**YOUR INSTRUCTIONS:** An exact copy of the lines from the start of the material below through the line containing "Studio : Starwest" is the required answer, and it includes no pictures.

**DATA BELOW:**
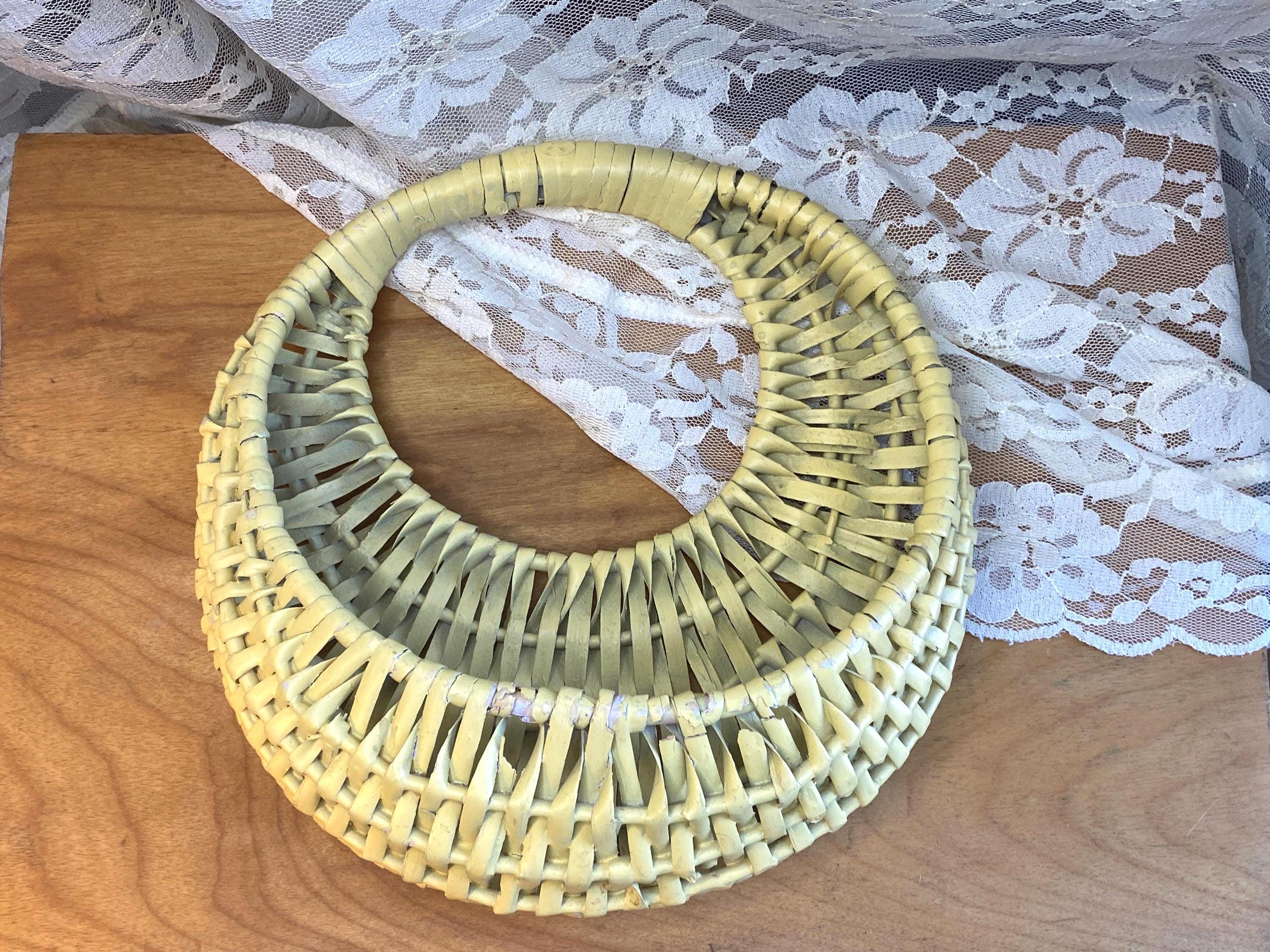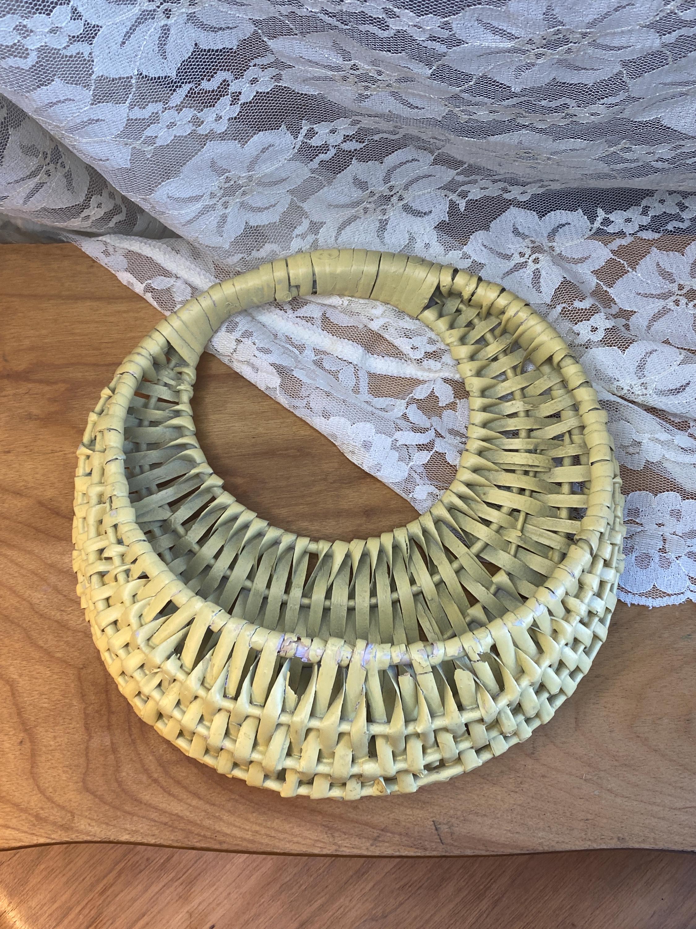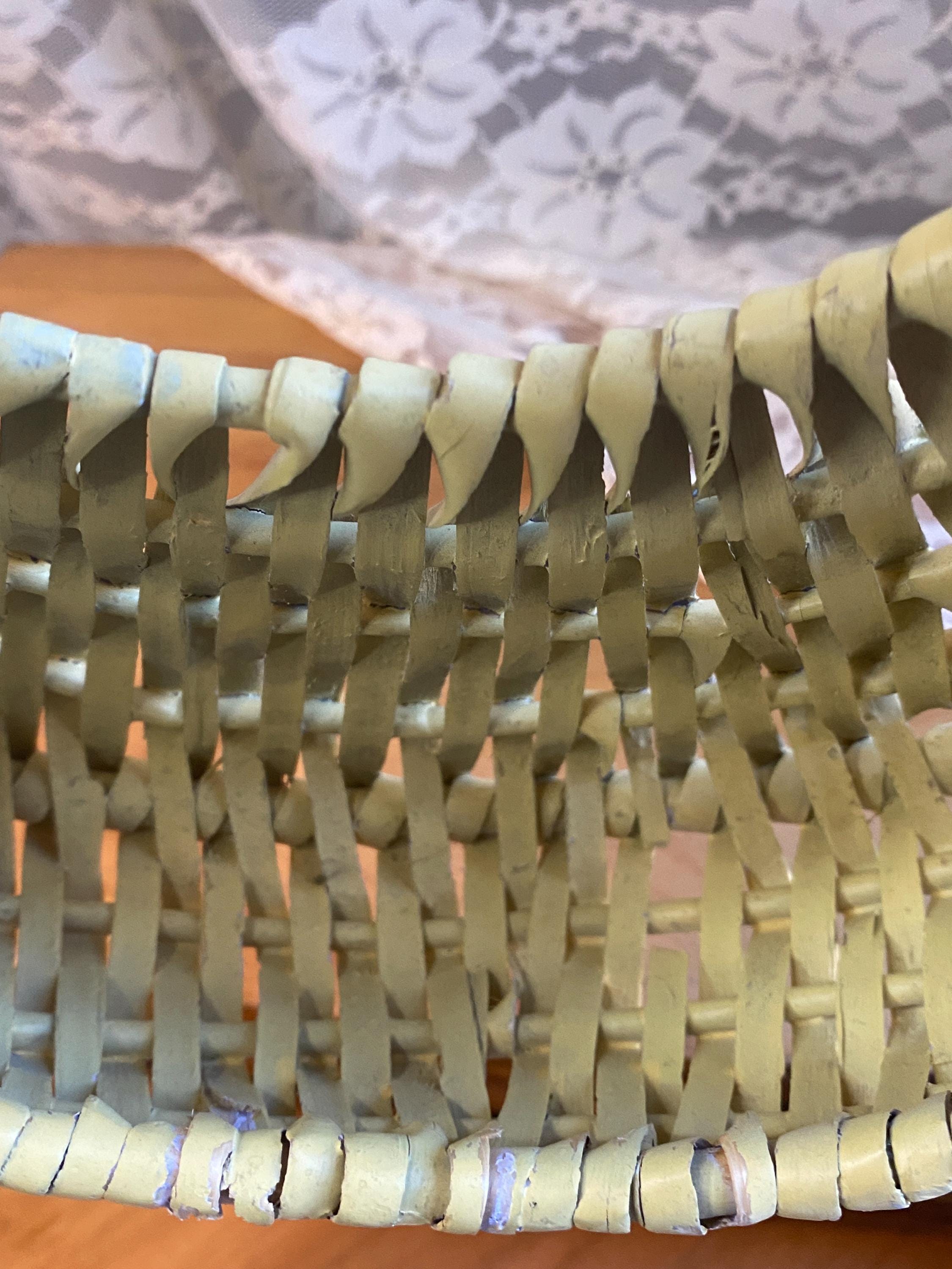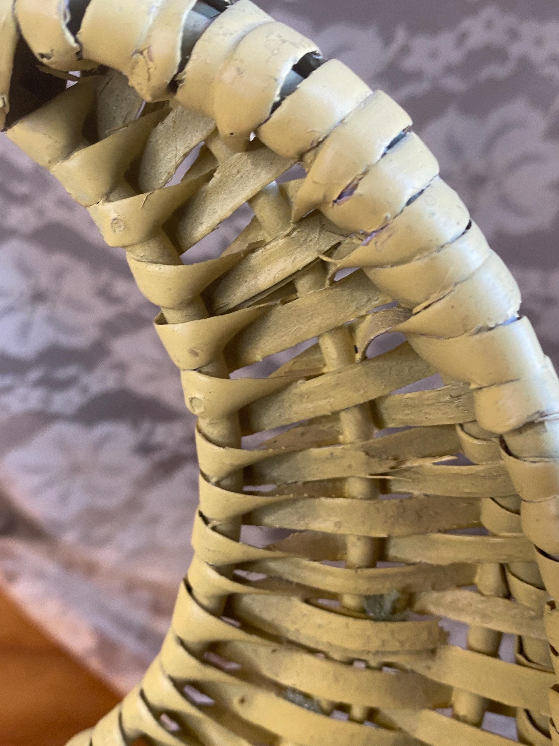 9X9.5 inches, soft buttery yellow, perfect for storing keys or mail or putting a small planter inside of. Some wear/ aging as shown in photos.
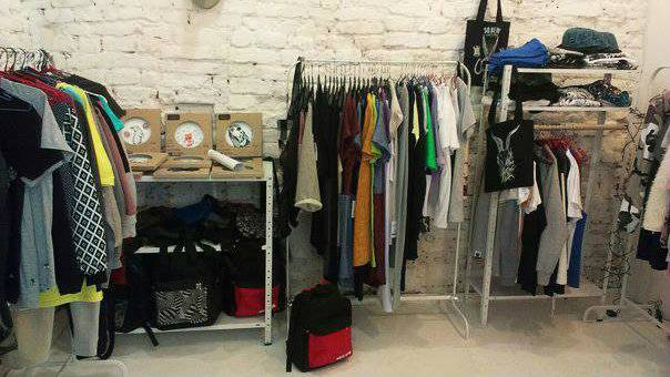 Здесь можно купить парки и дождевики S-cape, рубашки и платья CARDO, одежду с этническими элементами Nenka, рюкзаки Phestyn, худи и футболки Tsukor, платья MustHave, носки Sammy Icon, футболки и свитера от Alexander Dets с рисунками мамая, казаков, персонажей в национальных костюмах. В целом собрано около 50 брендов.
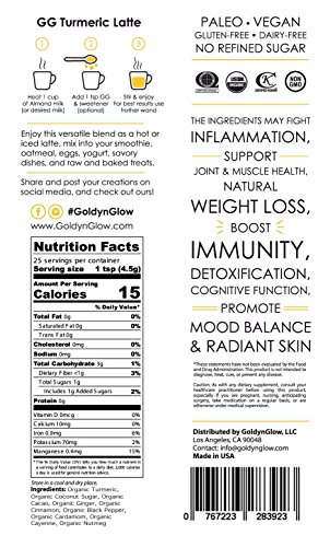 Studio : Starwest Botanical Inc Publisher : Starwest Botanical Inc Binding : Misc. Product Description Organic Turmeric Superfood Blend with Cacao - 100% Organic, Gluten Free, Vegan and Paleo Friendly Instant Mix for Golden Milk, Turmeric Mocha Latte, Smoothie, Tea, Baked and Raw Treats. Just add a teaspoon to almond milk (or any milk you like) and enjoy the revitalizing and inflammation-fighting benefits of this golden adaptogen any time, any where. Follow us on instagram for healthy and delicious recipes daily and share yours with us. 0
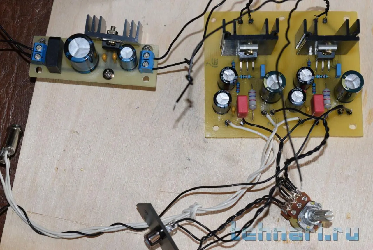 Так вот проблема в том что если включить усилитель с открытым входом, то есть к входу на печати не подключено в обще нечего даже регулятора громкости. Трещит, свистит так что невозможно, при подключении регулятора громкости на проводах окло 30 см треск ещё хуже даже при замыкании входа на землю.

**REPLY TO THE TASK:**
 9X9.5 inches, soft buttery yellow, perfect for storing keys or mail or putting a small planter inside of. Some wear/ aging as shown in photos.
 Здесь можно купить парки и дождевики S-cape, рубашки и платья CARDO, одежду с этническими элементами Nenka, рюкзаки Phestyn, худи и футболки Tsukor, платья MustHave, носки Sammy Icon, футболки и свитера от Alexander Dets с рисунками мамая, казаков, персонажей в национальных костюмах. В целом собрано около 50 брендов.
 Studio : Starwest Botanical Inc Publisher : Starwest Botanical Inc Binding : Misc. Product Description Organic Turmeric Superfood Blend with Cacao - 100% Organic, Gluten Free, Vegan and Paleo Friendly Instant Mix for Golden Milk, Turmeric Mocha Latte, Smoothie, Tea, Baked and Raw Treats. Just add a teaspoon to almond milk (or any milk you like) and enjoy the revitalizing and inflammation-fighting benefits of this golden adaptogen any time, any where. Follow us on instagram for healthy and delicious recipes daily and share yours with us. 0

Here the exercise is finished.